Notes from Andy on high-level requirements:

So going through the JIRA and through our own documentation, you have all of the major tasks identified. That said, I do agree that a specific list of deliverables that are assigned to separate stories/arcs should be done.

Major tasks:

• privileged/unprivileged section isolation
  • Static tables derived from sections. These would give code and data regions for kernel and apps
  • Define structures to describe regions and implement that
  • Define dynamic region definition for transient regions
    • How does this hook in to k_thread
• Region management
  • APIs
• Stack guard
  • Hardware support. MMU vs MPU
  • API convergence?
• Null ptr protection
• Peripheral device isolation
  • Recognizing device access and proper configuration of peripheral ranges
  • system calls to access device?
• Privileged access escalation / system calls

These are general placeholders and cover a number of your specific cases outlined in the JIRA. When we were divvying up the work between Vincenzo and myself, my thought was to get the isolation of privileged and unprivileged working.
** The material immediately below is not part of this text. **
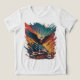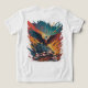 This vibrant and dynamic artwork depicts a powerful bald eagle soaring above an American flag, set against a backdrop of bold colours and abstract brushstrokes. The image evokes a sense of patriotism, freedom, and national pride.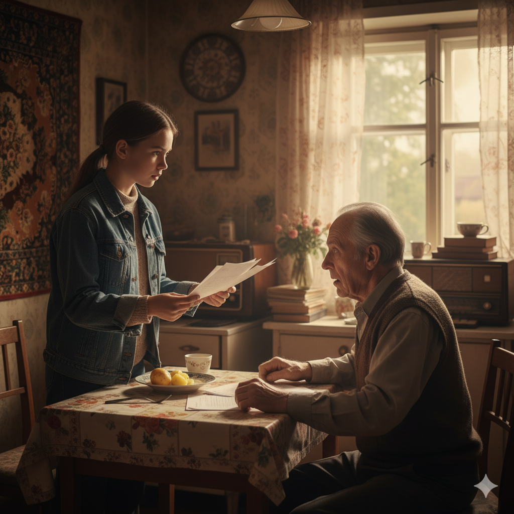 А Катя осталась жить у Ивана Семёновича — не как сиделка, а как внучка, которой у него никогда не было. Он помогал ей с учёбой, а она заботилась о его здоровье. Когда приезжала настоящая племянница Анна Петровна, они все вместе сидели на кухне до поздней ночи, пили чай с вареньем и говорили о жизни.

Once we got the separation we could then explore the system calls and escalation mechanisms. I see the region management to be the primary thing to do first. Then the isolation, which brings in the section definitions and API work.

We can talk more on this in the morning, but I wanted to get this out tonight to at least condense some of the stuff we've been talking about internally.

Regards,

Andy

[nashif]

by Andrew Boie:

Marcus Shawcroft NULL pointer protection will be tracked in GH-2034, thanks!